Miles était mort (avait dit Belle) vers 1972. S’il était mort dans ce pays, je devais pouvoir trouver la date de son décès en quelques heures, ensuite me procurer son testament… si toutefois il y en avait eu un comme le prétendait Belle. De toute façon, je retrouverais l’adresse de Ricky à l’époque. Les tribunaux conservaient-ils les archives ? Je n’en savais rien. Avais-je gagné à intervertir notre écart d’âge, et valait-il la peine de retrouver la ville qu’elle habitait à cette époque-là ?
Je recherchais une femme âgée de quarante et un ans, très certainement, mariée et mère de famille. La vue de cette ruine difforme qui avait été jadis Belle Darkin m’avait secoué. Je commençais à entrevoir ce que trente ans peuvent signifier.
Non, je ne pensais pas que Ricky devenue adulte pût être autrement que gracieuse et agréable… mais se souviendrait-elle de moi ? Oh ! je ne pensais pas qu’elle m’aurait complètement oublié… Pourtant, il y avait fort à parier que je ne sois plus dans son souvenir qu’une silhouette sans visage qu’elle avait autrefois appelée « oncle Danny » – cet oncle Danny qui avait ce si gentil chat…
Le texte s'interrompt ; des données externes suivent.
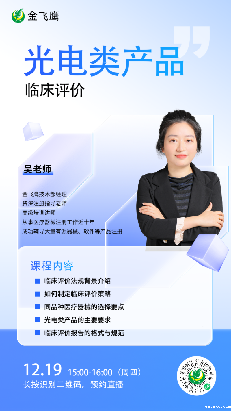 根据betway必威西盟体育官网入口近18年的医疗器械注册辅导经验总结,临床评价资料一直是让企业最为头疼的项目,资料的不完善会直接导致注册周期的延长。经常关注我们的朋友也许还记得,此前我们跟大家分享过几期有关医疗器械临床评价的内容(点击视频号主页可观看回放),那么本期培训,我们在带大家一起回顾临床评价基础知识的同时,主要偏向于光电类产品的临床评价,结合我们辅导过的光电类产品案例进行讲解,从而给此类企业临床评价提供更多实用参考。12月19日下午3点,betway必威西盟体育官网入口技术部经理、从事医疗器械注册工作近十年的吴老师给大家带来《光电类产品临床评价》,培训内容包括临床评价法规背景介绍、如何制定临床评价策略、同品种医疗器械的选择要点、光电类产品的临床评价要求、临床评价报告的格式与规范,想听课的朋友记得提前预约!
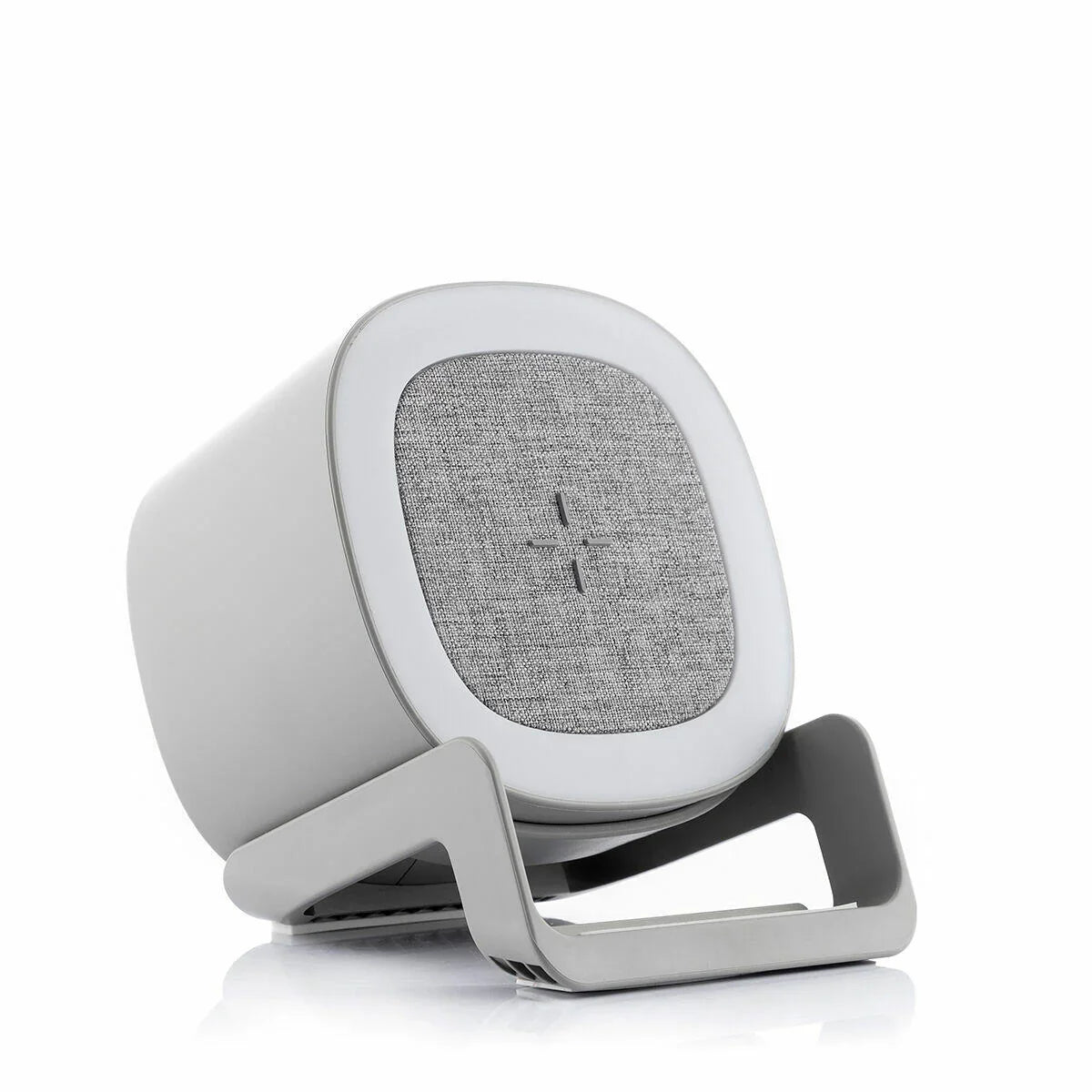 Un original cargador inalámbrico con LED y altavoz que dispone de botón táctil para activar la luz LED y 2 zonas de soporte para colocar el móvil en posición horizontal o vertical.

Est-ce que je ne vivais pas, autant que Belle, dans un monde imaginaire qui m’était propre ?
Bah ! Cela ne pouvait pas faire de mal d’essayer encore.
Nous échangerions des vœux à chaque Nouvel An. Son mari ne pourrait s’en formaliser…
Le lendemain, vendredi 4 mai, je n’allai pas à mon bureau, mais me rendis à celui des Renseignements concernant la province. On y était en plein déménagement, et on me pria de revenir le mois suivant. Je partis donc au bureau du Times, où j’attrapai un torticolis à force de me pencher sur les archives. Je découvris que si Miles était mort de douze à seize mois après la date de ma mise en glacière, cela n’avait pas eu lieu, en tout cas, dans la province de Los Angeles… si toutefois la rubrique nécrologique du Times était correctement tenue.
Bien entendu, aucune loi ne l’obligeait à mourir dans la province de Los Angeles. On peut mourir n’importe où. On n’est jamais parvenu à réglementer cela.
Peut-être y avait-il des archives à Sacramento ? Je décidai qu’il faudrait vérifier cela un jour. Je remerciai l’employé du Times, allai déjeuner et repris le chemin de la Robot Maison.